GDPR concerns over consent, disclosure covered with automation

The biggest issue related to AI agents is security, as they need to be able to access sensitive data in order to execute tasks. “For AI agents to be useful, they must be able to access personal data – lots of it,” says Indicio in a blog. “For this to be compliant with data privacy regulations such as GDPR, a person must be able to consent to share their data. There’s just no way of getting around this.”

In terms of consent and selective disclosure, Verifiable Credentials fulfill key requirements of the GDPR.

Indicio’s software tells each participant in a network who is a trusted issuer and verifier, and which information needs to be presented for which use case in what order.

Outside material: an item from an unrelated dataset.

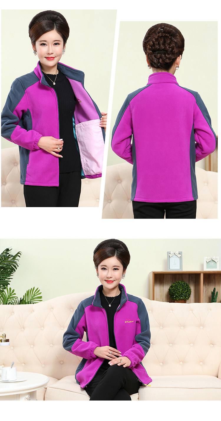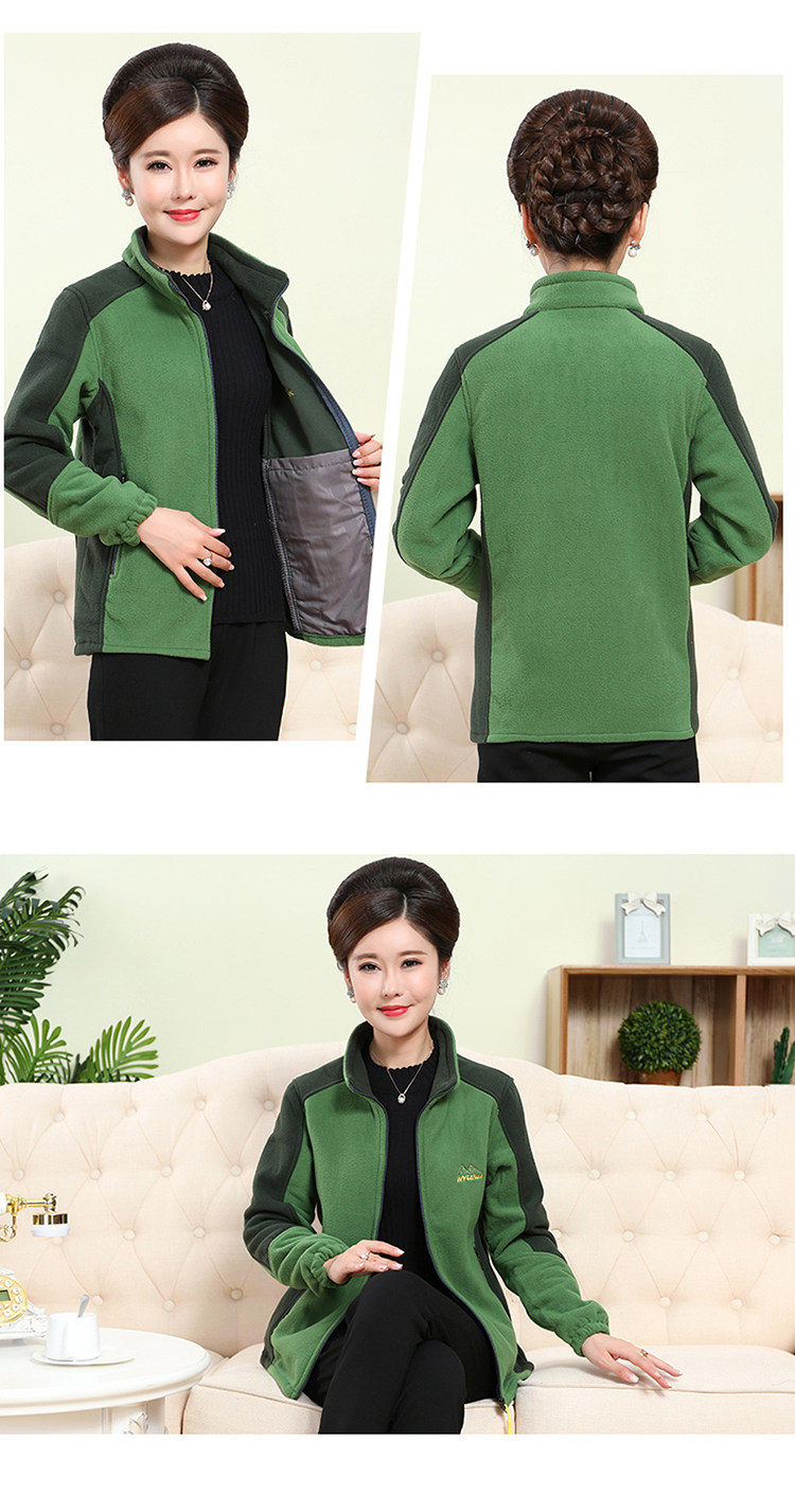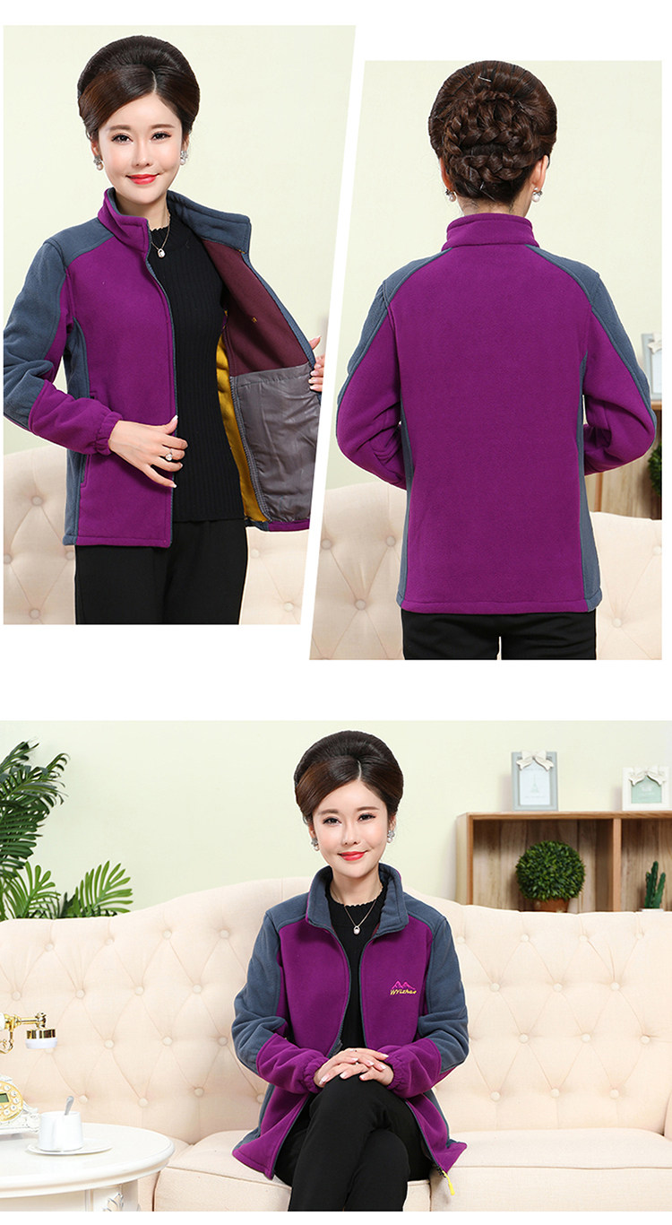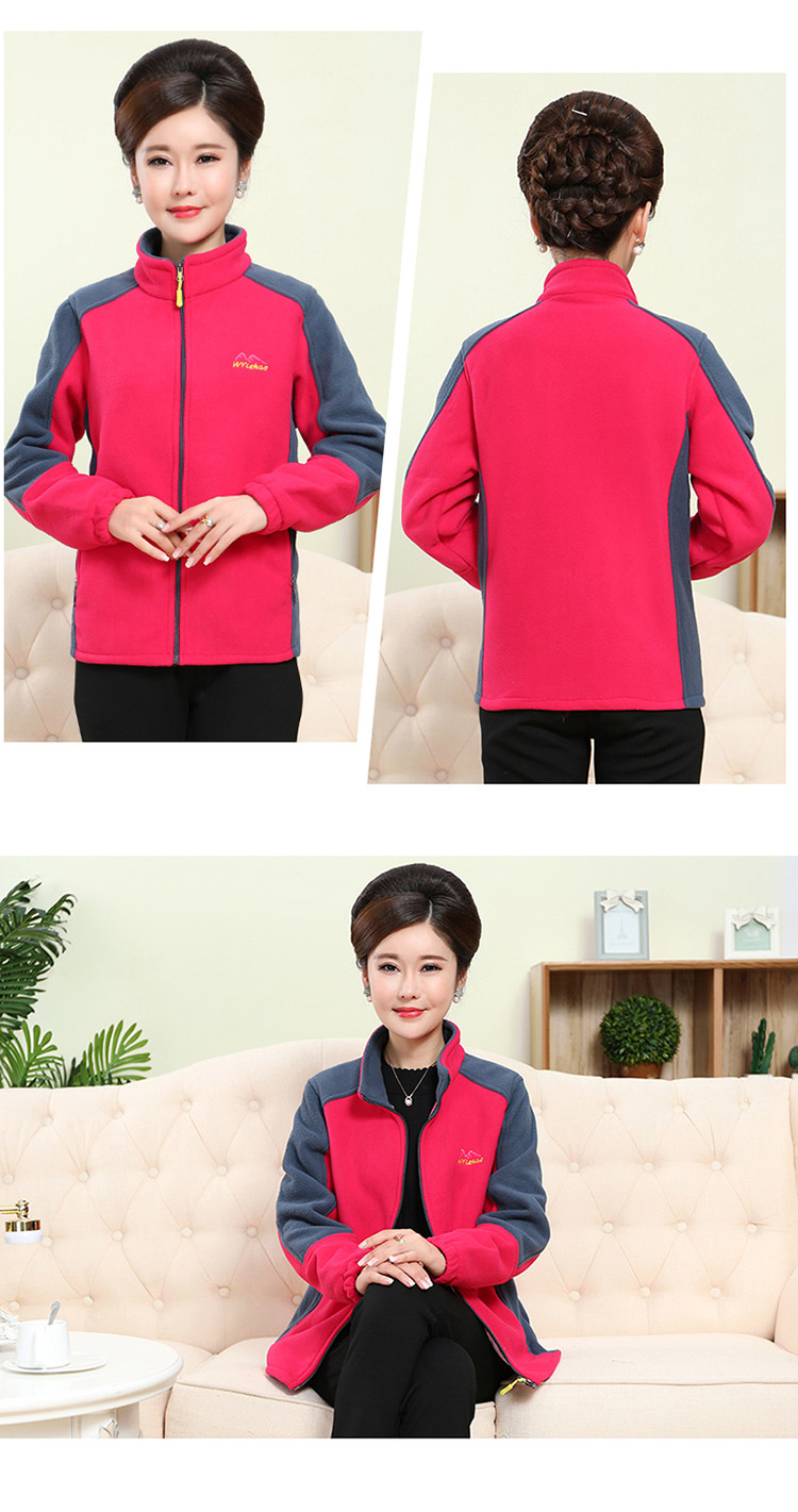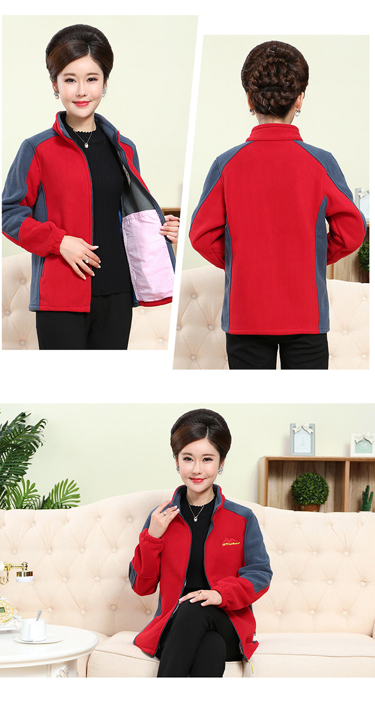 中老年户外抓绒妈妈装保暖拼色女大码开衫拉链立领加厚摇粒绒外套

But Indicio also wants to achieve something even more complex than regulatory compliance: a decentralized and automated way to govern VCs.

Decentralized governance (DEGov) allows organizations to automate and quickly create and implement the rules that Verifiable Credentials and their holders will follow.

“With Indicio Proven and ProvenAI, a network is governed by machine-readable files sent to the software of each participant in the network (i.e., the credential issuer, holders and verifiers),” says the blog. “Indicio DEGov enables the natural authority for a network or use case to orchestrate interaction by publishing a machine-readable governance file.”

The orchestrated files can be configured to “respect hierarchical levels of authority,” enabling “seamless interaction driven by automated trust.”

The vision is to create a way to enable massive networks of automated algorithmic entities to be able to interact with the proper permissions.

“Every element of this system can be known, can authenticate another element, and can share data in complex workflows,” Indicio says. “Each interaction can be made secure and element-to-element.”